To do —
Retype every record exactly. Leave the pictures out.
»»
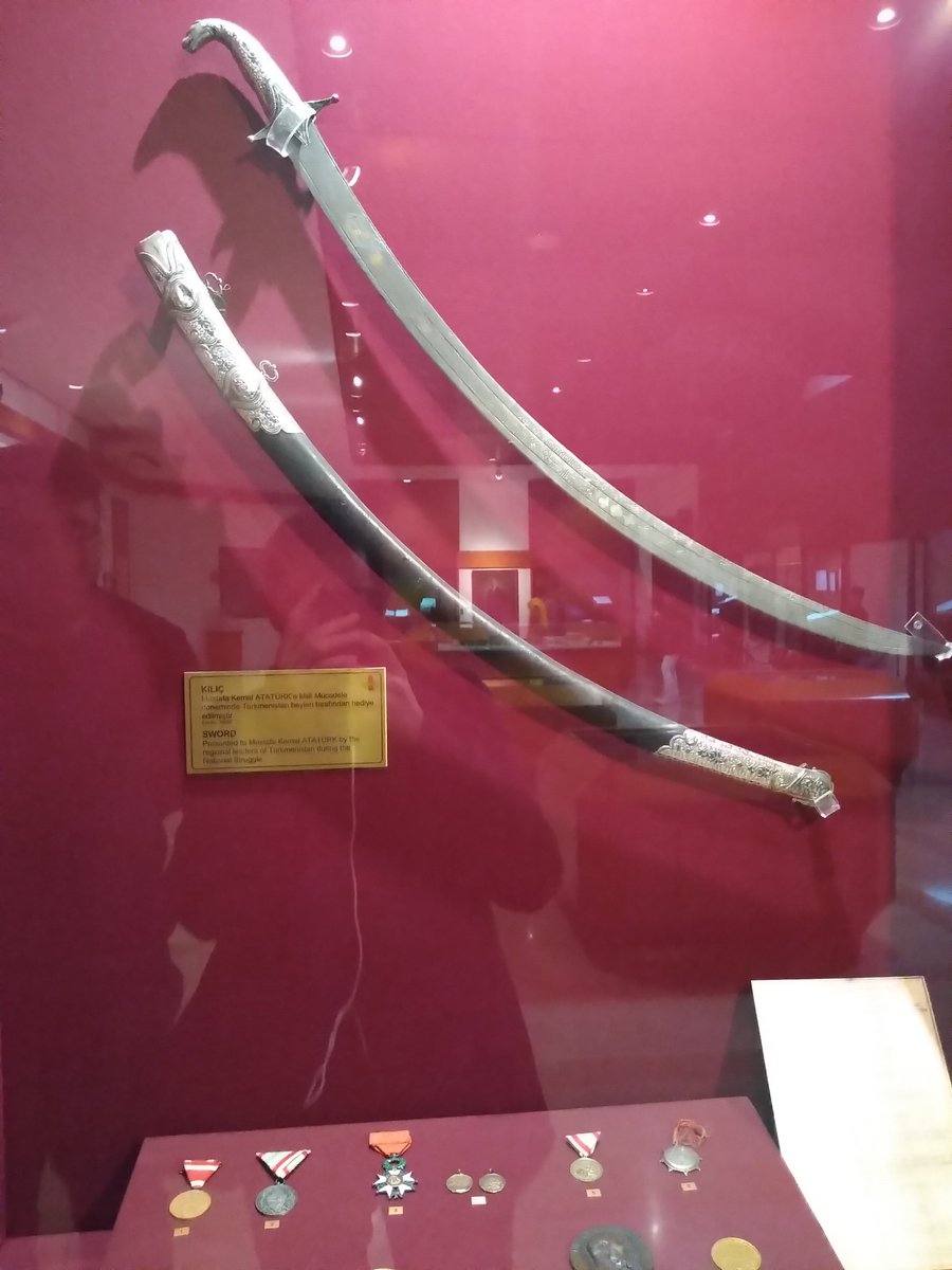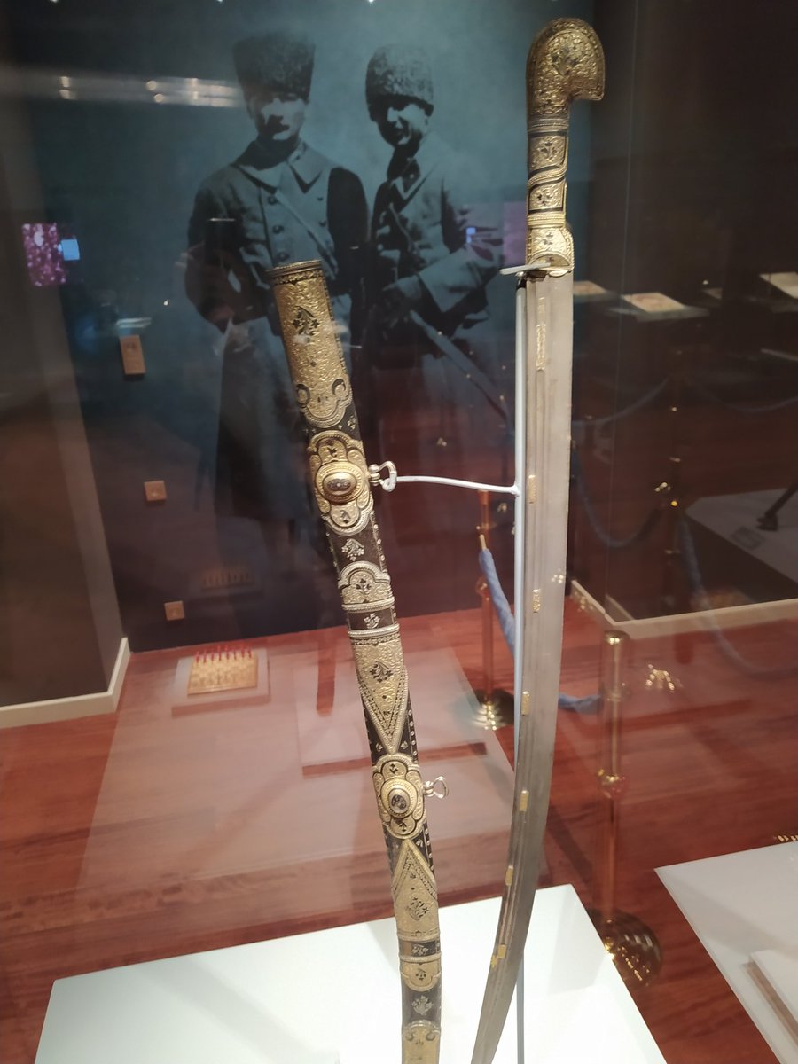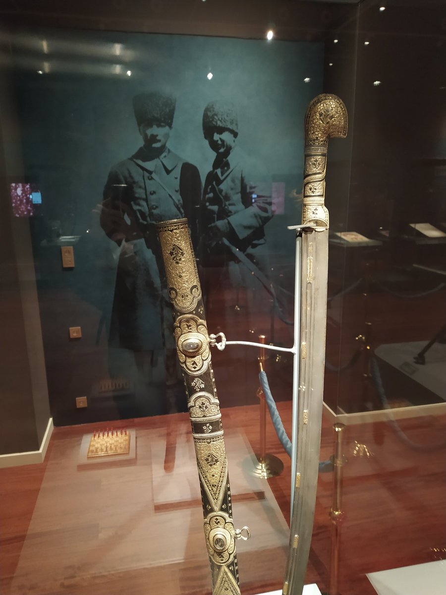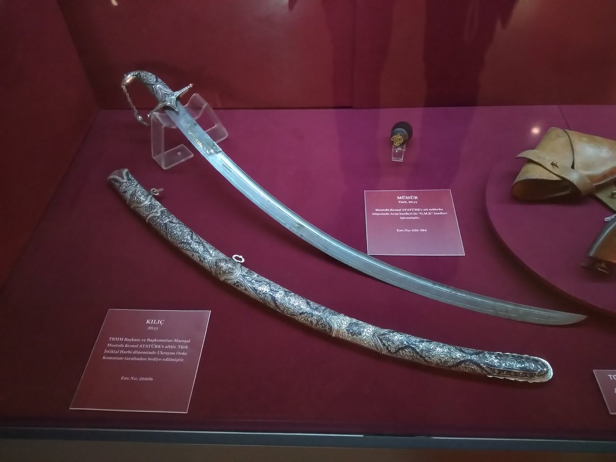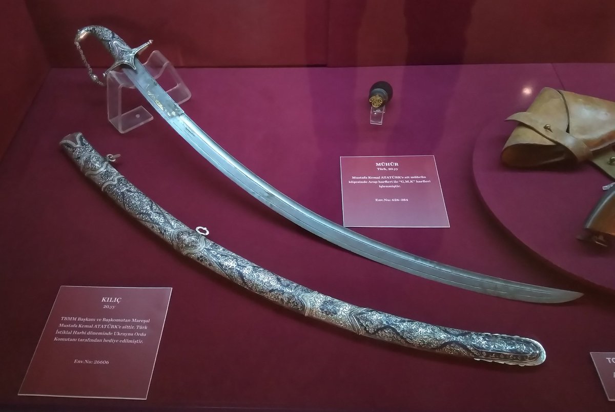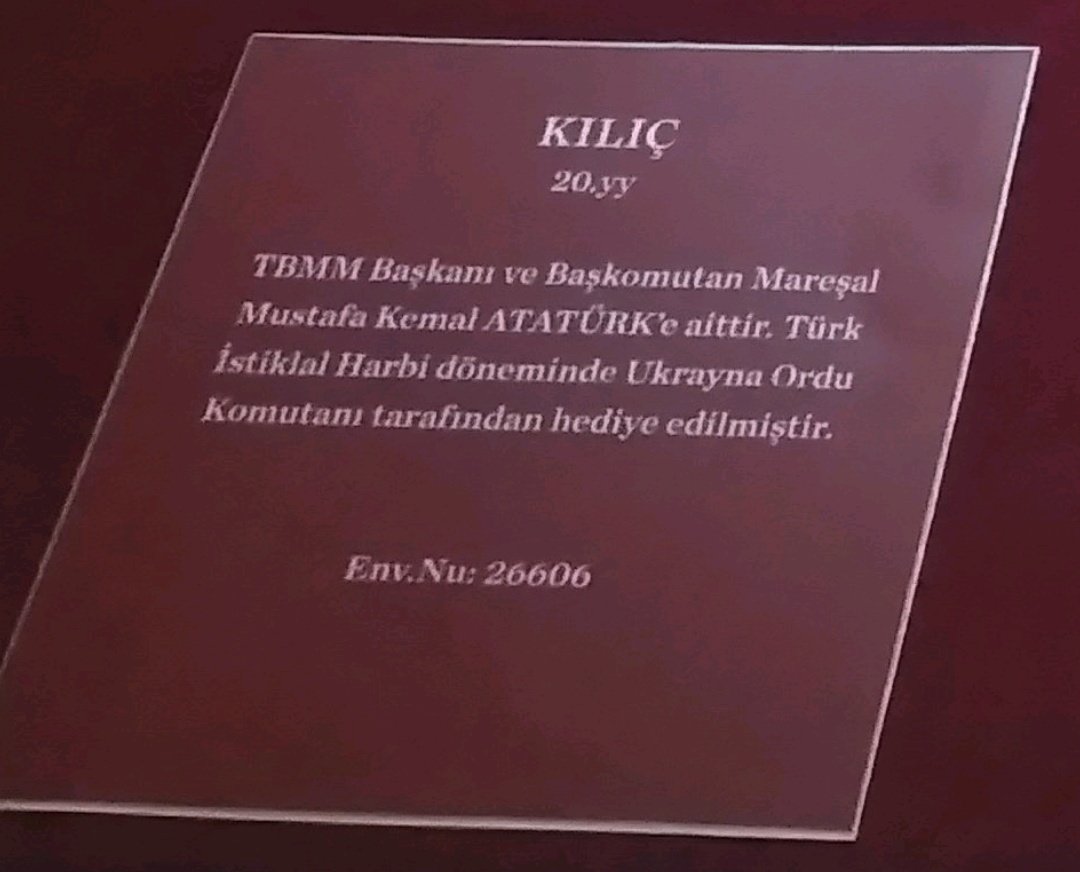 2019'da Harbiye Askeri Müzesi'ni ziyaret ederken Atatürk'e ait iki kılıç dikkatimi çekmişti. Bunlardan birinin Ukrayna Ordu Komutanı, diğerinin de Türkmenistan Beyleri tarafından armağan edildiği bilgisi yer alıyor.
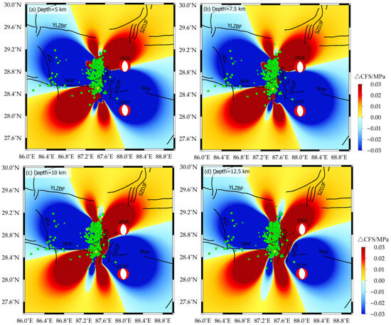 - Lin, J.; Stein, R.S. Stress triggering in thrust and subduction earthquakes and stress interaction between the southern San Andreas and nearby thrust and strike-slip faults. J. Geophys. Geophys. Res. Solid Earth 2004, 109, b02303. [Google Scholar] [CrossRef]
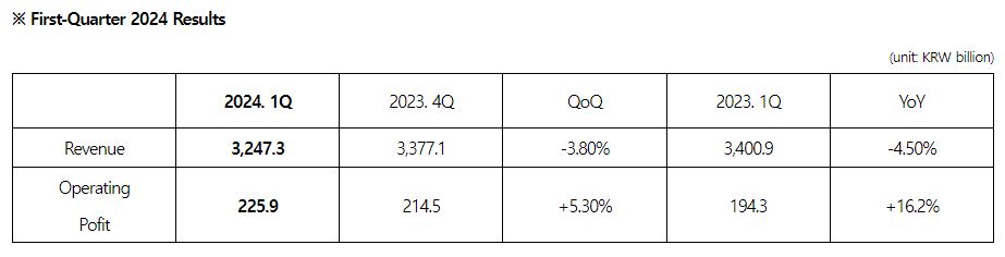 Samsung SDS unveiled its preliminary financial results for the first quarter of 2024, posting a revenue of KRW 3.2473 trillion and an operating profit of KRW 225.9 billion. Compared to the same period last year, its revenue fell by 4.5% but operating profit rose by 16.2%.
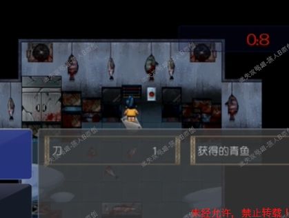 57.进入b3后首先来到的是海豹房,绕过想要吃鱼的海豹,进入杀鱼房,拿起【青鱼】和【小刀】,此时大门突然关闭,一个声音恐吓艾莉,告诉她永远也无法逃离此处。在右上角的时间结束前,若不把鱼杀完游戏结束。57.1
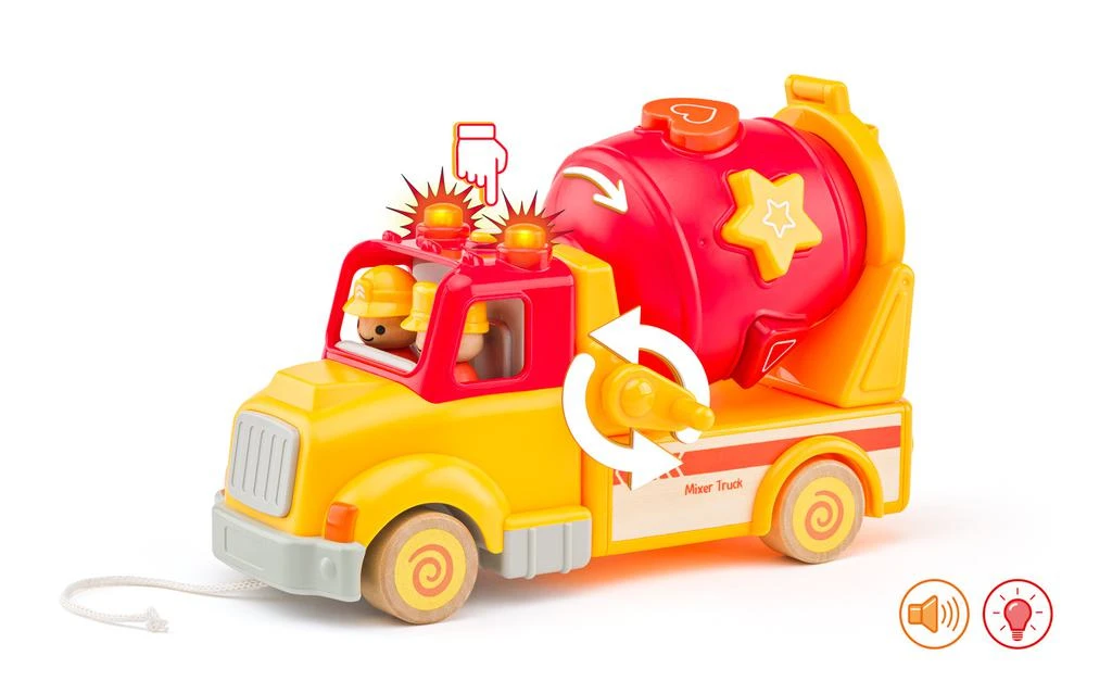 Miešačka je vyrobená v kombinácii kvalitného plastu a dreva. Stlačením tlačidla na kabíne vodiča sa aktivuje svetlo a zvuk.
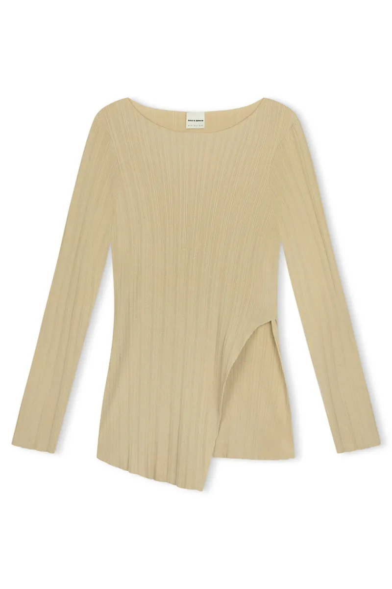 The Sand Rib Knit Top by Zulu & Zephyr features a soft rib knit fabric with an asymmetric split hem, complemented by a classic high-relaxed neckline. Crafted in a neutral sand colorway, layer over the Sand Rib Knit Skirt for a styled look.
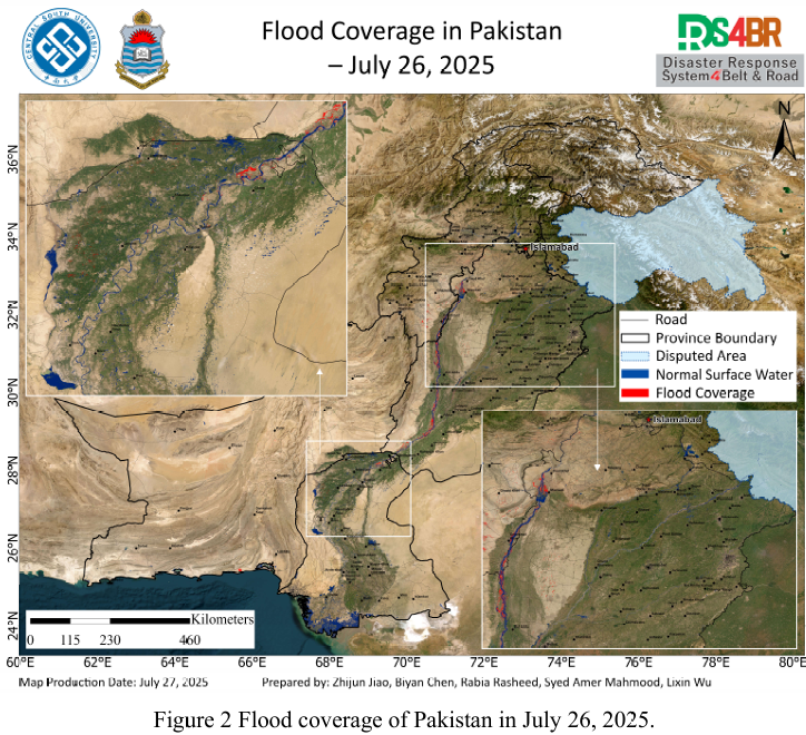 Fig.2 shows the inundation extent as of July 26. However, the dataset only covers parts of Sindh and Punjab provinces, primarily along the main course of the Indus River. The imagery indicates that water-covered areas have remained stable, with no further flood expansion.
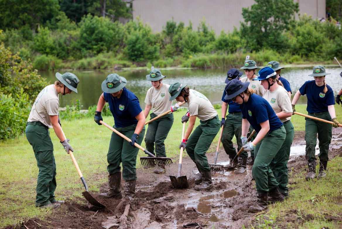 Group of volunteers clears mud and debris from a trail near a pond. They use shovels and rakes on a cloudy day for trail restoration.
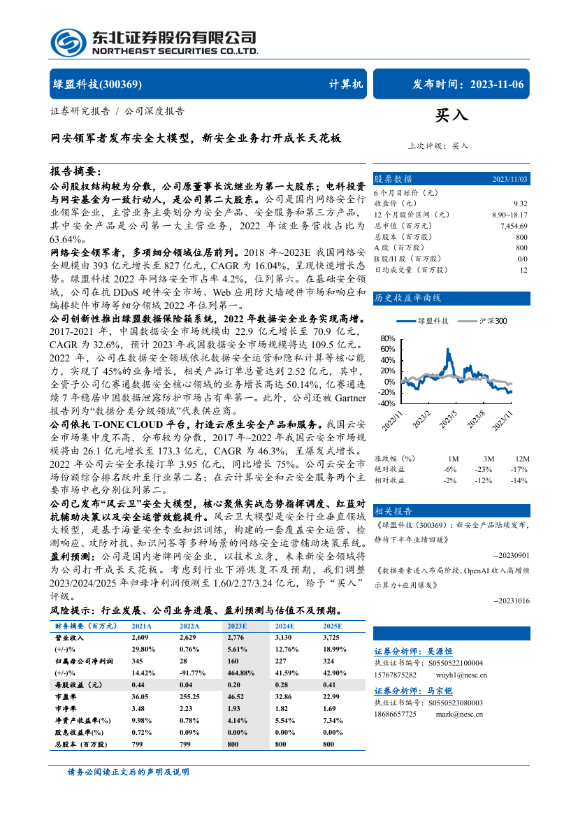 该报告深入分析了一家在网络安全领域具有领军地位的公司,重点介绍了其最新发布的安全大模型以及这一创新如何为公司开辟新的业务增长点。报告首先回顾了公司在过去几年中取得的成绩,包括但不限于技术突破、市场份额的增长、客户基础的扩展等方面,以此为基础阐述了公司作为行业领头羊的地位。接着,报告详细探讨了新发布的大模型背后的技术原理、应用场景及其相较于传统解决方案的优势所在。特别强调的是,通过引入人工智能等先进技术,该模型能够更有效地识别和应对日益复杂的网络威胁,为企业提供更加全面的安全防护。 此外,报告还分析了随着数字化转型加速推进背景下,企业对于高级别网络安全服务需求日益增加的趋势,并指出这将是推动公司未来业绩增长的重要动力之一。同时,也对可能面临的挑战进行了评估,比如技术迭代速度加快带来的持续研发投入压力、国际竞争加剧等。最后,基于以上分析,报告对公司未来发展做出了乐观预测,并建议投资者关注其长期价值。 这份研究不仅提供了关于这家网络安全公司的全面视角,也为了解整个行业的现状和发展方向提供了宝贵的信息。
««
Task answer —
 2019'da Harbiye Askeri Müzesi'ni ziyaret ederken Atatürk'e ait iki kılıç dikkatimi çekmişti. Bunlardan birinin Ukrayna Ordu Komutanı, diğerinin de Türkmenistan Beyleri tarafından armağan edildiği bilgisi yer alıyor.
 - Lin, J.; Stein, R.S. Stress triggering in thrust and subduction earthquakes and stress interaction between the southern San Andreas and nearby thrust and strike-slip faults. J. Geophys. Geophys. Res. Solid Earth 2004, 109, b02303. [Google Scholar] [CrossRef]
 Samsung SDS unveiled its preliminary financial results for the first quarter of 2024, posting a revenue of KRW 3.2473 trillion and an operating profit of KRW 225.9 billion. Compared to the same period last year, its revenue fell by 4.5% but operating profit rose by 16.2%.
 57.进入b3后首先来到的是海豹房,绕过想要吃鱼的海豹,进入杀鱼房,拿起【青鱼】和【小刀】,此时大门突然关闭,一个声音恐吓艾莉,告诉她永远也无法逃离此处。在右上角的时间结束前,若不把鱼杀完游戏结束。57.1
 Miešačka je vyrobená v kombinácii kvalitného plastu a dreva. Stlačením tlačidla na kabíne vodiča sa aktivuje svetlo a zvuk.
 The Sand Rib Knit Top by Zulu & Zephyr features a soft rib knit fabric with an asymmetric split hem, complemented by a classic high-relaxed neckline. Crafted in a neutral sand colorway, layer over the Sand Rib Knit Skirt for a styled look.
 Fig.2 shows the inundation extent as of July 26. However, the dataset only covers parts of Sindh and Punjab provinces, primarily along the main course of the Indus River. The imagery indicates that water-covered areas have remained stable, with no further flood expansion.
 Group of volunteers clears mud and debris from a trail near a pond. They use shovels and rakes on a cloudy day for trail restoration.
 该报告深入分析了一家在网络安全领域具有领军地位的公司,重点介绍了其最新发布的安全大模型以及这一创新如何为公司开辟新的业务增长点。报告首先回顾了公司在过去几年中取得的成绩,包括但不限于技术突破、市场份额的增长、客户基础的扩展等方面,以此为基础阐述了公司作为行业领头羊的地位。接着,报告详细探讨了新发布的大模型背后的技术原理、应用场景及其相较于传统解决方案的优势所在。特别强调的是,通过引入人工智能等先进技术,该模型能够更有效地识别和应对日益复杂的网络威胁,为企业提供更加全面的安全防护。 此外,报告还分析了随着数字化转型加速推进背景下,企业对于高级别网络安全服务需求日益增加的趋势,并指出这将是推动公司未来业绩增长的重要动力之一。同时,也对可能面临的挑战进行了评估,比如技术迭代速度加快带来的持续研发投入压力、国际竞争加剧等。最后,基于以上分析,报告对公司未来发展做出了乐观预测,并建议投资者关注其长期价值。 这份研究不仅提供了关于这家网络安全公司的全面视角,也为了解整个行业的现状和发展方向提供了宝贵的信息。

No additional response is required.